Information supplied:
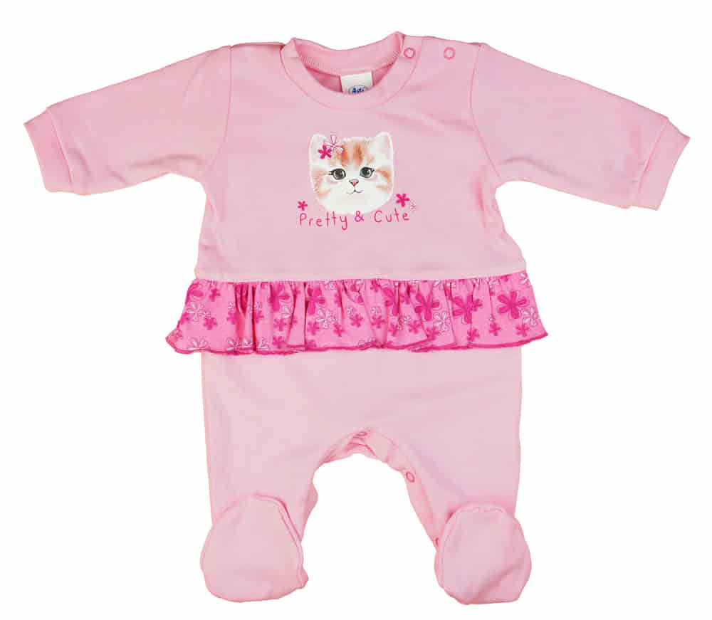 Ennek a hosszú ujjú fodros baba rugdalózónak az aranyos cicás mintája azonnal elvarázsolja a kicsiket és szüleiket egyaránt. A rugdalózó rózsaszín színben pompázik, amely minden kisbaba bőrét gyönyörűen kiemeli. A pamut anyagának köszönhetően a rugdalózó kényelmes és puha, így a babák egész nap jól érezhetik magukat benne.
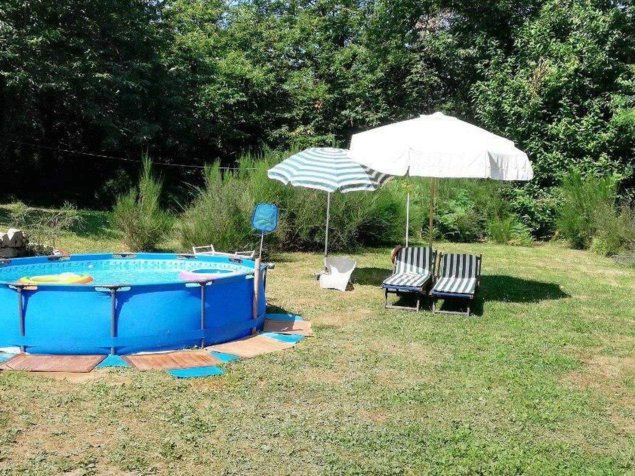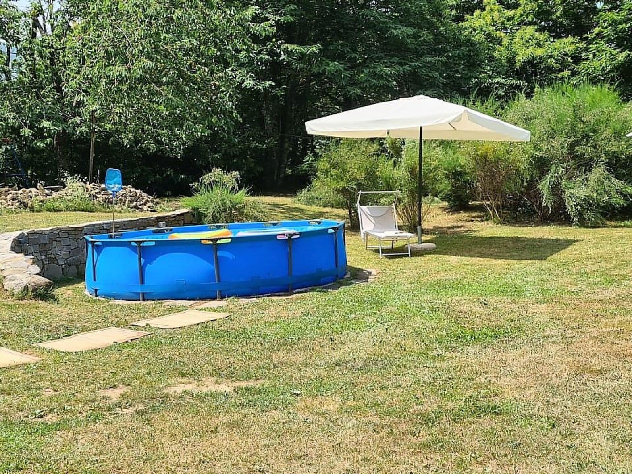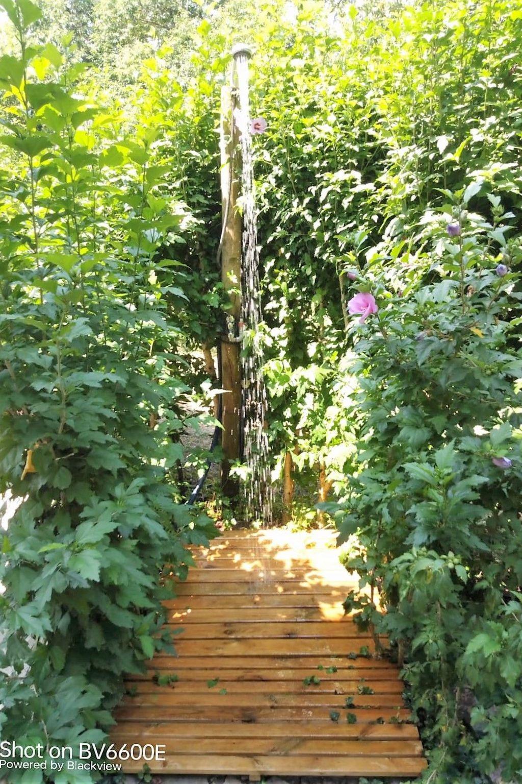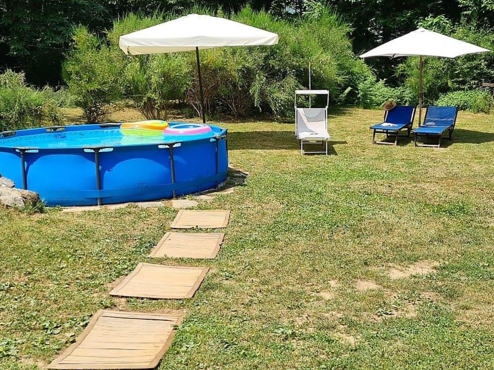 Oberirdisches Schwimmbad zur alleinigen Nutzung auf der Wiese und solarbetriebene Warmwasserdusche.
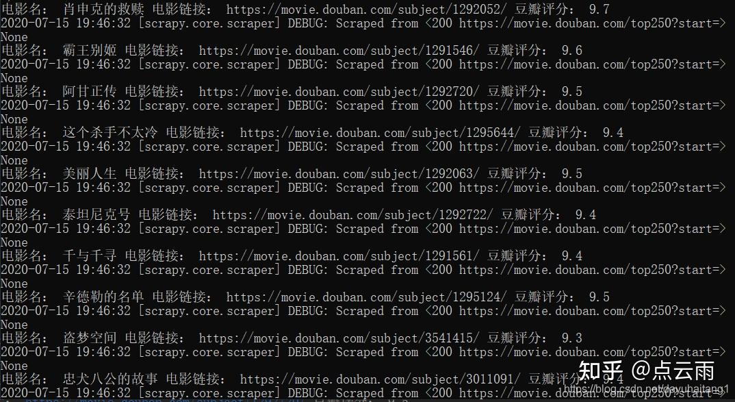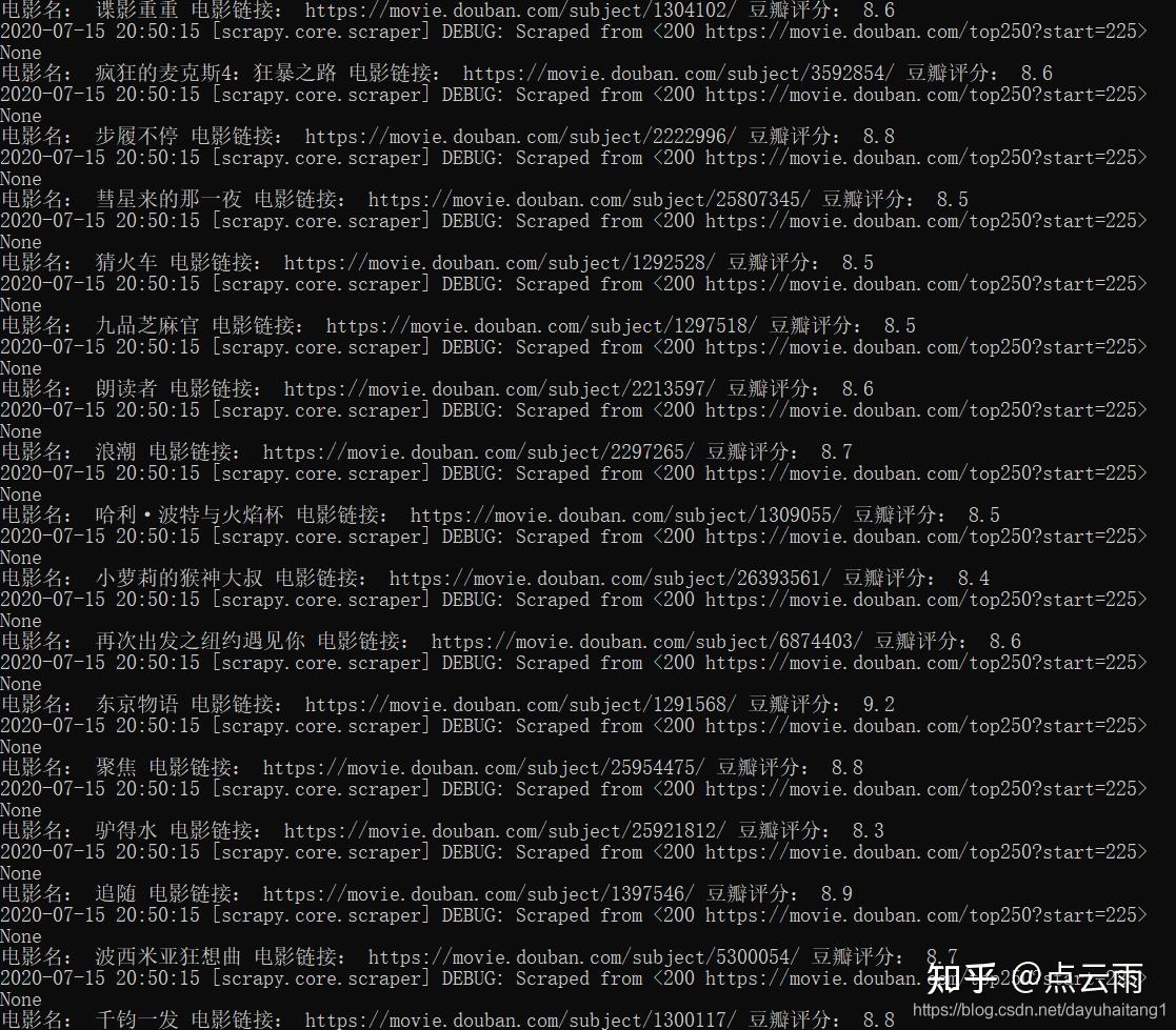 print("电影名:",item['movieName'],end=' ') #简单输出提取到的代码

About this task: Once the pictures are set aside, give the listing again word for word.

Result of this task:
 Ennek a hosszú ujjú fodros baba rugdalózónak az aranyos cicás mintája azonnal elvarázsolja a kicsiket és szüleiket egyaránt. A rugdalózó rózsaszín színben pompázik, amely minden kisbaba bőrét gyönyörűen kiemeli. A pamut anyagának köszönhetően a rugdalózó kényelmes és puha, így a babák egész nap jól érezhetik magukat benne.
 Oberirdisches Schwimmbad zur alleinigen Nutzung auf der Wiese und solarbetriebene Warmwasserdusche.
 print("电影名:",item['movieName'],end=' ') #简单输出提取到的代码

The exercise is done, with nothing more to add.